There are surprising differences in credit card accounts. And most of us aren't
aware of them. So let's take a look at fixed and variable rate credit cards.
Unfortunately for Anne the new card issuer can change her rate. It's perfectly
legal. In fact even her old credit card issuer had the right to change the rate.
It just happened that they never did.
A fixed-rate account is really mis-named. It's not like your mortgage or an auto
loan where you can expect to pay the same rate for the life of the loan.
The Truth In Lending act only requires that card issuers give you 15 days notice
if they're going to change the rate on a 'fixed-rate' account. Some states have
laws that require a longer notice. But you're still vulnerable to rate changes.
A more accurate title would be that they're an 'almost fixed-rate account'.

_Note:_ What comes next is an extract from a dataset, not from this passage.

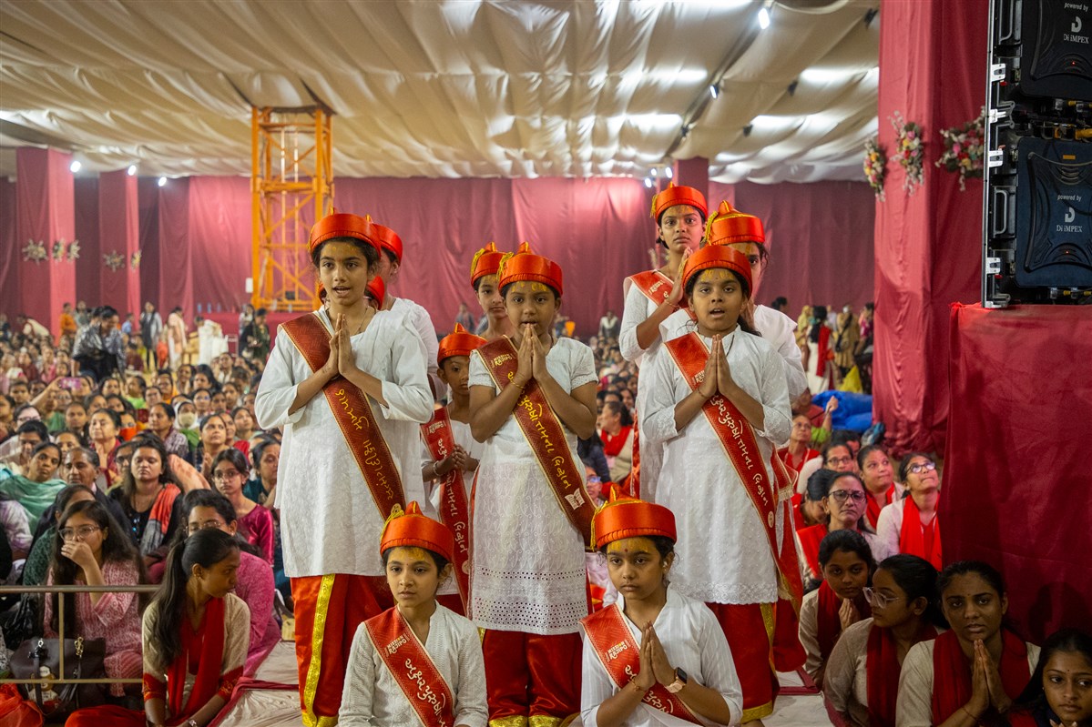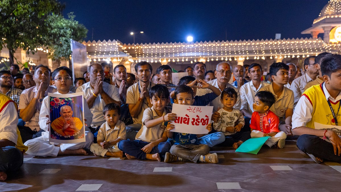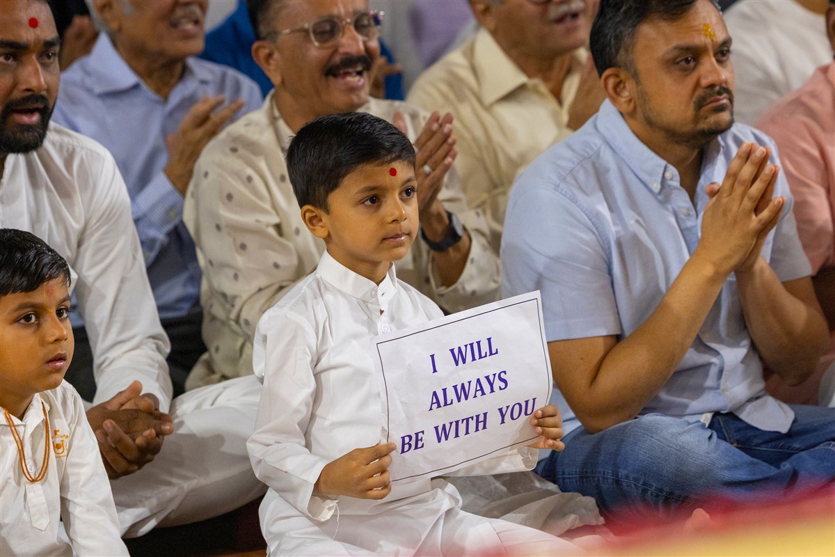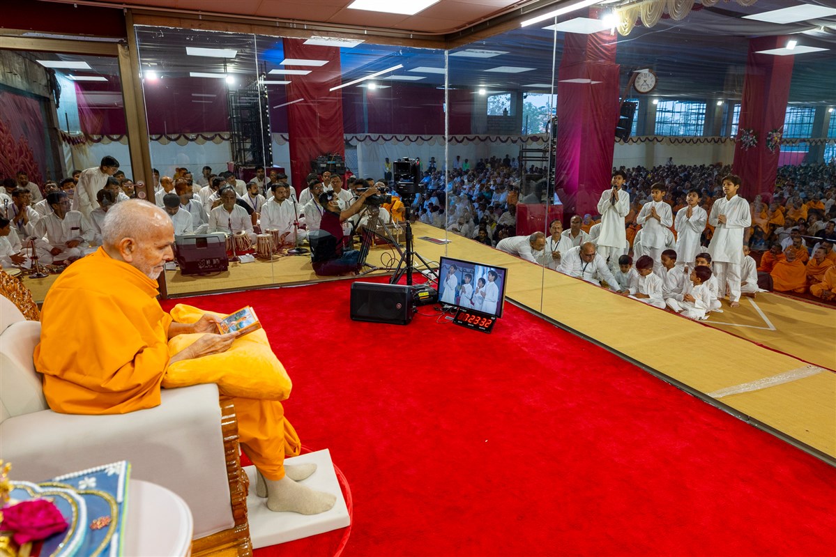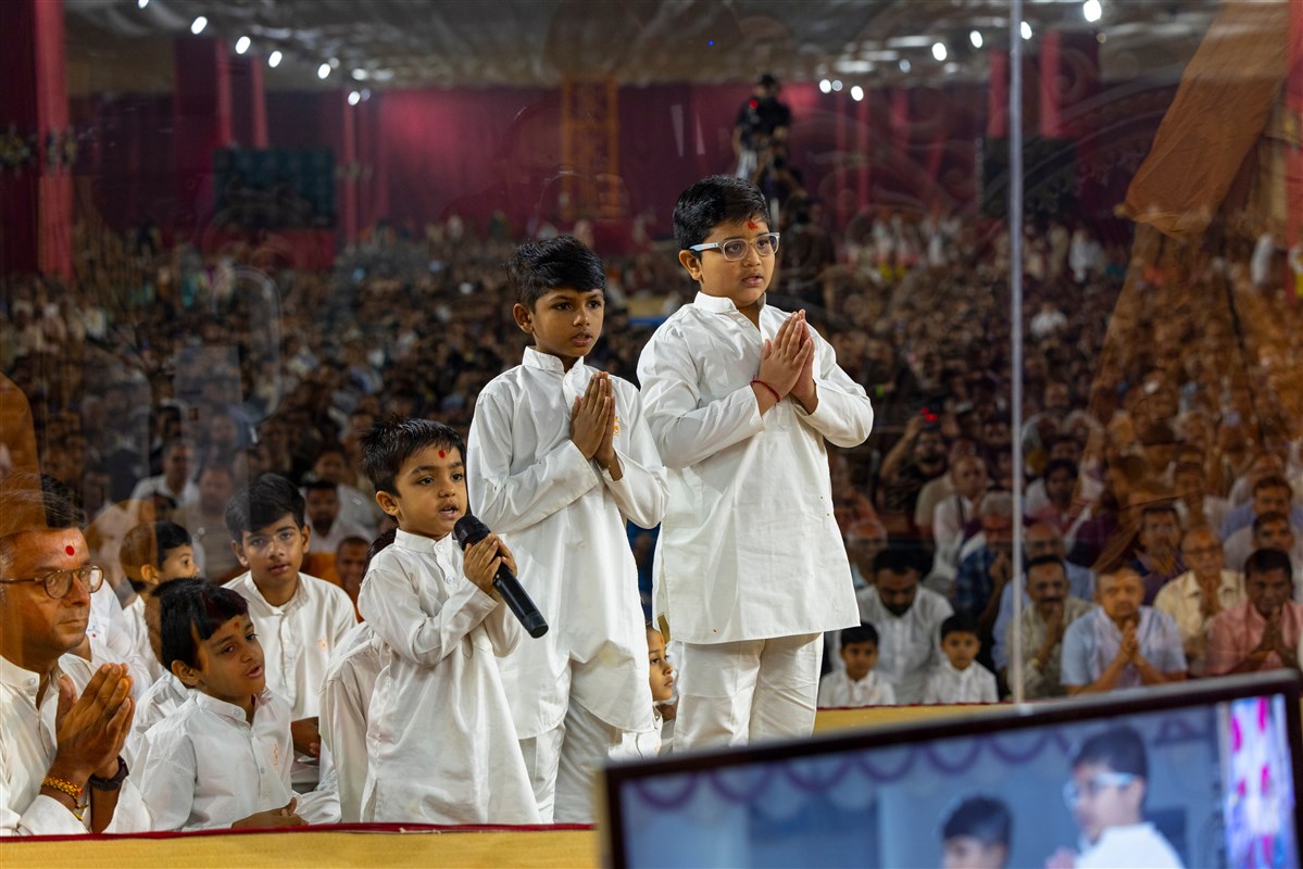 Balaks lead everyone in reciting the sadhana mantra and daily prayer in Swamishri's puja

Her new card issuer has given Anne a variable-rate account. And, as you might
expect, the rate fluctuates.
Variable-rate accounts are tied to a published index. Most use the federal
funds, Federal Reserve discount rate or the one, three or 6 month Treasury Bill
rate.
The index is used to calculate the interest rate charged the consumer. You will
be charged a rate that's higher than the index. Dig through the fine print to
find the formula.
Expect a variable-account rate to change fairly often. The rate might not be
significantly different, but it can change each month.
The card issuer must tell you when you open the account how the rate will be
determined. Unfortunately, it's not going to be highlighted for you. In most
cases, the card issuer would be happy if you never read the disclosure
statement.
If the truth were told, most of us don't really like to read those statements,
either. But you need to know the minimum and maximum rates that can be charged
on a variable-rate account. Remember that a high minimum rate means that you
don't benefit if general interest rates drop below a certain point.

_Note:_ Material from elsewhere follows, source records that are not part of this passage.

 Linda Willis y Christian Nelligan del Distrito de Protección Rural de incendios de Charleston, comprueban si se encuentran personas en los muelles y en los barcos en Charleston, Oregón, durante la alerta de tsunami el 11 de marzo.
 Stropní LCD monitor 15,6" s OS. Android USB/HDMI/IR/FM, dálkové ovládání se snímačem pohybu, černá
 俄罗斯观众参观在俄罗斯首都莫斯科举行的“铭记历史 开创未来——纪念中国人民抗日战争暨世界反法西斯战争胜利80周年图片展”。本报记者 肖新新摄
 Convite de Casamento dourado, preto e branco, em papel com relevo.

Those aren't the only circumstances that could cause Anne's rate to change. Both
fixed and variable rates can change if she's late with a payment. And all her
accounts could change. Not just the one that was late.
Some cards will also allow a higher rate to be applied if Anne goes over her
credit limit. A 'credit limit' isn't really a ceiling on how much you can
borrow. Many accounts will let you charge beyond your limit and then assess
'over limit fees' and a higher rate of interest.
What can Anne do? She's already pursuing one option. That's to transfer the
balance to a new fixed-rate account. Of course that's no guarantee that the rate
won't change later. And some fixed rate cards charge higher rates than variable
ones.
If she has the money, she can pay off the balance and notify the card issuer to
close the account. A final alternative would be to use another account for new
charges and pay off the Visa account as soon as possible.
The bottom line is that what Visa did might have been misleading, but it was
legal. And, we can all learn from Anne's experience. Whether you have a fixed or
variable account, don't count on your interest rate staying the same. There are
no guarantees that will happen.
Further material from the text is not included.